Thank god you are back! I've missed you.
I sometimes wonder what gifts I will come up with after I have been with my hubby as long as you have with yours. I wonder if I will ever run out of ideas and get him something like an air popper. It could happen.
If it makes you feel any better - I didn't get a gift either, or a card. B bought a cookie that said "#1 mom" on it and the idea was to have LM walk it over to me since, according to B "LM loves to walk and he loves carrying things." I spoiled it by finding it in the freezer the night before.
But it didn't bother me too much - B tends to go overboard for bdays and xmass/Chanukah so this one can slip by.
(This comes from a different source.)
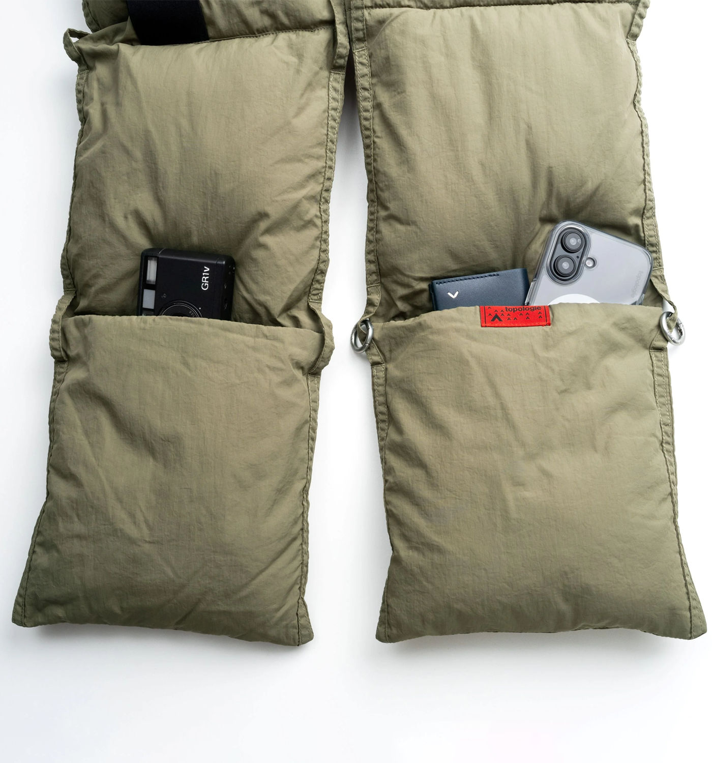 The design features two o-ring carabiners, two pockets, and loop webbing for practical wear.

I'm sorry for the bad gift :-(
WEll now, I would have never guessed an air popper. Now mind you I do have one but it was NOT a gift of any type.We have used it some.I am really sorry, You deserve so much more. Next year give him ideas on notecards with location and cost of gift maybe that would help!!! I am really curious what dads gift ideas thatare in your mind. Ummm..A vacumn,so that he can partake his share...His very own cleaning tote with supplies...
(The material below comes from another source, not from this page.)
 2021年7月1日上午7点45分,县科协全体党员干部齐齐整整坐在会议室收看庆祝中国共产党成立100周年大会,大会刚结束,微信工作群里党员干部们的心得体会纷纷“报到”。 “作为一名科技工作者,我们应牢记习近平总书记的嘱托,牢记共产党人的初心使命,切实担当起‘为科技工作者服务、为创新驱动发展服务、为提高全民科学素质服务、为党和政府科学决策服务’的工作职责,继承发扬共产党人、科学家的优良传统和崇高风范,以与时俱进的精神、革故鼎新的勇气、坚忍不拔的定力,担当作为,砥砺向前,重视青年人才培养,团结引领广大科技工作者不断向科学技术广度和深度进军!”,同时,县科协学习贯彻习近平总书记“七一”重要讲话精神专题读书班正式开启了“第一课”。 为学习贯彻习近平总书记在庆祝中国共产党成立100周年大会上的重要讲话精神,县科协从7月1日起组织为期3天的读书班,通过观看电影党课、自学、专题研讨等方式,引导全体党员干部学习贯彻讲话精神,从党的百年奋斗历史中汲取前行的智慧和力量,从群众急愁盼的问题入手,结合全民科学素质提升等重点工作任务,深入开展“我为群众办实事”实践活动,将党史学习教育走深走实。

I just can't figure out if he just went to the store and stood there looking at the stuff, then just said, "Oh yeah, this will work..." or if he REALLY thought about it and said, "PERFECT!" I truly don't know which scenario is worse!
I just keep trying to tell myself that he really meant it to be a good gift either way, and men are just completely stupid. You know, they all share a brain, and at Mother's Day time, I'm sure there is a lot of strain on that poor brain, or someone had dibs.